Data extracts
↓↓↓
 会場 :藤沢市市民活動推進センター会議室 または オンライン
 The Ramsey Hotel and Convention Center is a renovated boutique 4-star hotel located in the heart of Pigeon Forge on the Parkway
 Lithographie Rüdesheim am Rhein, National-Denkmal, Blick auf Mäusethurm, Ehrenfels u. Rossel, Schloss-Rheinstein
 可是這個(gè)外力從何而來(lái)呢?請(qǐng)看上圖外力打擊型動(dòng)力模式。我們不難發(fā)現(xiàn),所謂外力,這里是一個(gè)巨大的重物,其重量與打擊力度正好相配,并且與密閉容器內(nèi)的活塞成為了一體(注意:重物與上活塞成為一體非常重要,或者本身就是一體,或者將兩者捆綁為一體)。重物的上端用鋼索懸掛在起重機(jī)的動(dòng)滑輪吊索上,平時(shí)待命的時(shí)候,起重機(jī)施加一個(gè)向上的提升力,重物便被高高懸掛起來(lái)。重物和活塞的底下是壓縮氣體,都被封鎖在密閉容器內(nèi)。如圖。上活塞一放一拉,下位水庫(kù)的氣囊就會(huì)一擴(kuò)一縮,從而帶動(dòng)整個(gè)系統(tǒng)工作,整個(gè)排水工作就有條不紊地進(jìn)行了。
↑↑↑
↓↓↓
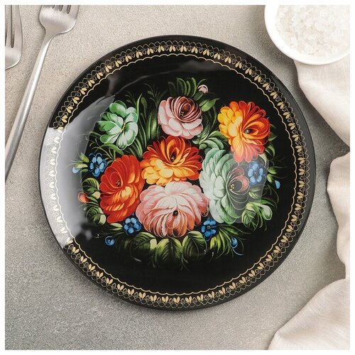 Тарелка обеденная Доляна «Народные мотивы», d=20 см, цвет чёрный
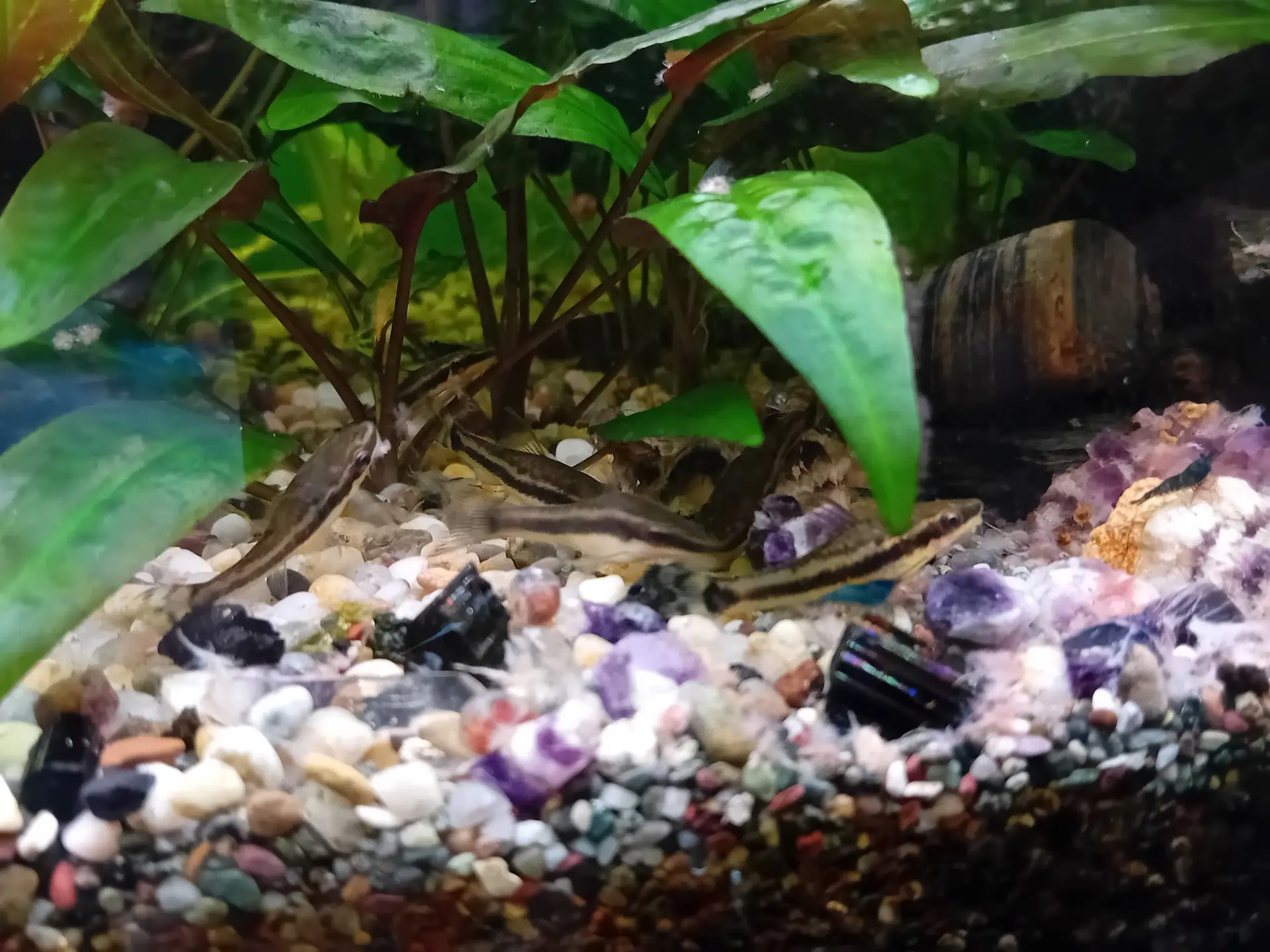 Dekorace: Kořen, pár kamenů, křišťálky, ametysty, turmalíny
↑↑↑
Task to carry out
Taking the listing above as the source, transcribe only the lines starting at the line with "会場 :藤沢市市民活動推進センター会議室 または オンライン" and going through the line with "Lithographie Rüdesheim am", unaltered and with both ends included.

Result
 会場 :藤沢市市民活動推進センター会議室 または オンライン
 The Ramsey Hotel and Convention Center is a renovated boutique 4-star hotel located in the heart of Pigeon Forge on the Parkway
 Lithographie Rüdesheim am Rhein, National-Denkmal, Blick auf Mäusethurm, Ehrenfels u. Rossel, Schloss-Rheinstein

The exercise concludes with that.